Fig. 2 shows the trajectory of the average energy of the populations and the CMA-ES step size. The step size, σ, was automatically adjusted by the algorithm, narrowing or widening the underlying distribution [eqn. (1)] as necessary. The inset in Fig. 2 displays the overlayer reconstruction of a SrTiO3(110) 4×1 surface that was identified by local optimization of the lowest energy structure generated by the CMA-ES for depth d = 6 Å. The structure reproduces the expected overlayer with rings of corner-sharing TiO4 consisting of six and ten members, respectively.2,3 However, it does not represent the ground-state overlayer structure, as will be discussed later.


image file: d2dd00072e-f2.tif
Fig. 2 Trajectory (black solid line) of the average energy of the population over 500 generations of a GPAW-backed CMA-ES run on a SrTiO3(110) 4×1 structure with d = 6 Å. The three times the standard deviation of energies within each generation is highlighted in orange. The area highlighted in orange has a height equal to three times the standard deviation of the energies within each generation. The dotted blue line shows the CMA-ES parameter step-size σ. In the inset, the local optimization of the resulting overlayer consisting of rings of corner-sharing TiO4 tetrahedra is shown; the unit cell is indicated by a white rectangle.

To perform sets of multiple evolutionary runs within reasonable time frames and, thereby, utilize the stochastic nature of the CMA-ES algorithm to explore more distinct local minima of the PES, a NNFF model was trained on selected SrTiO3(110) 4×1 structures. The training data was obtained from the three DFT-based CMA-ES trajectories described above. From these we used the individual structure with the lowest energy and a randomly chosen structure of each generation of each run. For the validation data, an individual from each generation was chosen at random. With this we arrived at 3000 configurations in the training data and 500 in the validation data. Finally, 5000 structures were chosen completely at random from the available DFT calculations as test data, only excluding previously selected data. The resulting model, labeled NNFF1, achieved a mean absolute error (MAE) of 1.79 meV per atom or in terms of surface energy 1.40 meV Å−2 for training energies and 68.40 meV Å−1 for training forces. The NNFF performance on training and validation data is shown in Fig. 3, which does not show any indication of overfitting. Similar MAEs were also found for the test set, labeled 4×1 in Table 1.

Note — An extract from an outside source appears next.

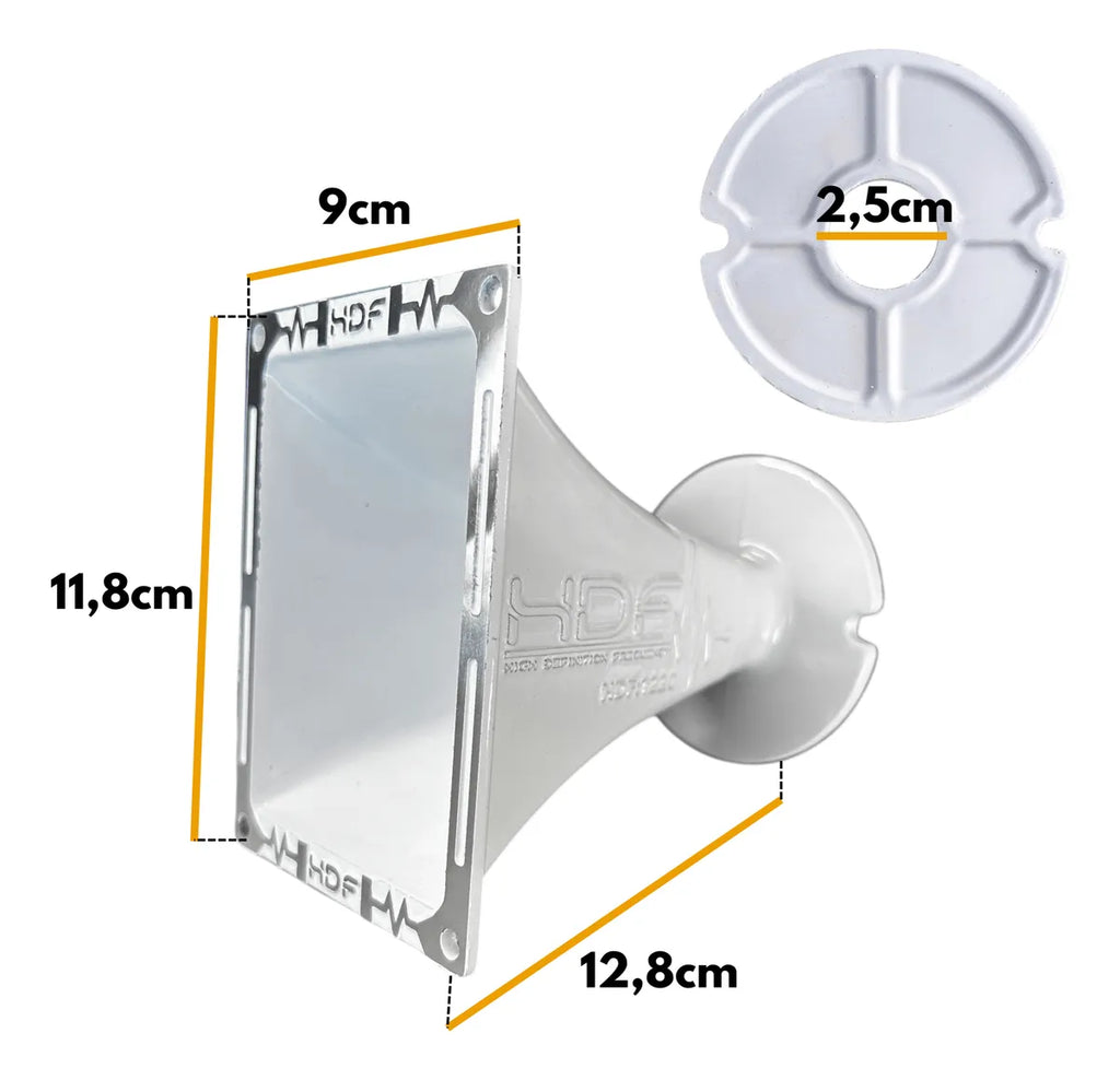 A Corneta Guia de Onda HDF 1220 é o componente ideal para quem busca otimizar a dispersão sonora de drivers de 1 polegada, garantindo alta performance e fidelidade em sistemas de som profissional e automotivo.

image file: d2dd00072e-f3.tif
Fig. 3 Predicted vs. true forces for the NeuralIL model NNFF1 on training (blue dots) and validation data (red squares). MAEs are given for forces and energies.
Table 1 Performance of three trained NeuralIL models on distinct test data sets (5000 4×1 structures, 1100 5×1 structures, 149 GPAW-optimized 5×1 structures), comparing the MAEs of the force components and of the energies per surface area
Test set MAE NNFF1 NNFF2 NNFF3
4×1 f/meV Å−1 77.19 84.22 79.76
E/meV Å−2 1.35 2.07 1.61
5×1 f/meV Å−1 278.55 123.46 126.37
E/meV Å−2 9.89 1.92 2.21
Opt f/meV Å−1 175.40 105.35 107.66
E/meV Å−2 8.95 7.72 6.59


By gathering the data from CMA-ES runs, a large variety of structures were included in the data sets, with a standard deviation of 201.11 meV per atom or 150.08 meV Å−2 in the training energies and 2.35 eV Å−1 in the training force components, with maximal training forces of up to 290.53 eV Å−1. The diversity of the training data is illustrated with the net atomic charges41,42 on titanium. Fig. 4 compares the resulting charges to known titanium oxidation states. It is seen that the charges within the surface slabs cover an even larger range than the illustrated reference systems. The trained NNFF1 did not show any issues handling the different oxidation states.

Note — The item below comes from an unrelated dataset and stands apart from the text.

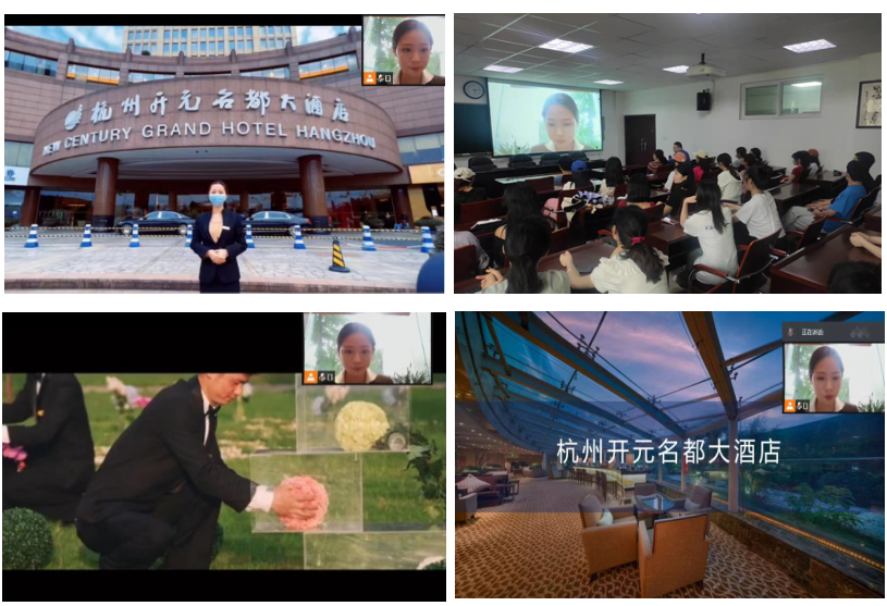在校友杭州开元名都大酒店业务主管黄佳蓉等的带领下,以“云导览”的形式,为2018级本科生呈现了精彩的职业知识与体验分享。黄佳蓉结合自身从业经验开设线上实务讲解,开辟“云连线”环节,详细解答同学们在“云导览”中提出的问题。

image file: d2dd00072e-f4.tif
Fig. 4 Net atomic charges of titanium atoms within the SrTiO3(110) 4×1 training structures gathered from all three DFT-backed searches. The Ti charges are highlighted according to the depth parameter, with results for d = 3 Å in yellow, d = 6 Å in green and d = 9 Å in purple. z = 0 Å marks the SrTiO layer in the center of the surface slabs. The vertical lines indicate charges calculated for bulk systems with titanium in different oxidation states: TiO, Ti2O3, TiO2 (rutile) and SrTiO3.

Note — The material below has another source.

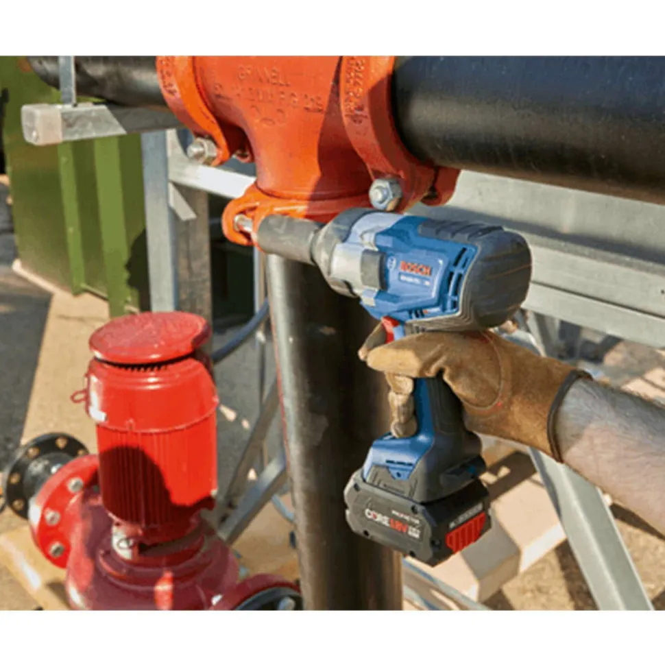 The Bosch GDS18V-770 18V PROFACTOR 3/4 In. Impact Wrench with Friction Ring and Thru-Hole is designed for breaking free and driving large bolts, nuts and anchors quickly. It is part of the PROFACTOR System, which pairs BITURBO Brushless Technology with a CORE18V PROFACTOR battery. BITURBO Brushless Technology is a high-performance motor and drive-train system designed to deliver power comparable to high-demand corded tools. The tool delivers up to 770 Ft.-Lbs. fastening torque and 1,250 Ft.-Lbs. breakaway torque, while maintaining long runtime. It offers controlled power output, with three speed/torque settings (0-800/1,200/1,750 RPM).
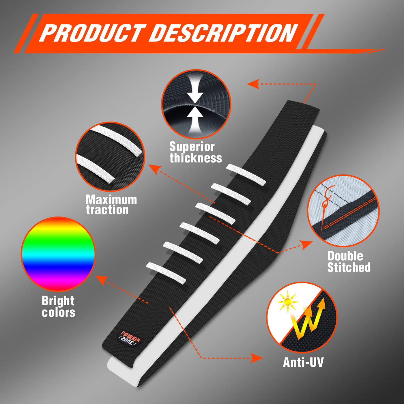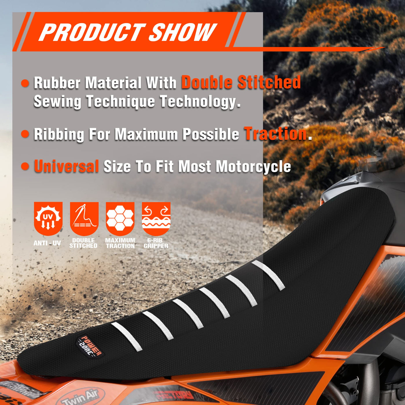 Q: How durable is the material used in this dirt bike seat cover?A: The seat cover features soft gripper material that is thick, durable, and provides a firm grip, ensuring that you stay securely in place while riding.

With the goal of a broader exploration of the respective PES, a set of 50 CMA-ES evolution runs was performed on SrTiO3(110) 3×1, 4×1 and 5×1 surfaces utilizing NNFF1. We selected d = 6 Å thus allowing the CMA-ES to manipulate two SrTiO3 layers. Within a set the same founder structure was used for all runs, whereas the initial random seed of the CMA-ES was varied. For all runs the maximum number of generations was set to at least 500, with the additional stopping criterion of the standard deviation of the individuals' energies within a generation going below 50 meV per unit cell. Every generation of 4×1 and 5×1 structures consisted of 22 individuals, while this number was automatically set to 21 by the algorithm for 3×1 due to the lower number of atoms in the structure. Otherwise, all CMA-ES parameters were identical for all investigated systems. This led the algorithm to arrive at a diverse collection of individuals belonging to a number of different local minima on the PES for each system. The best individual of each CMA-ES run within a set was optimized locally using first NNFF1 and subsequently GPAW as the backend.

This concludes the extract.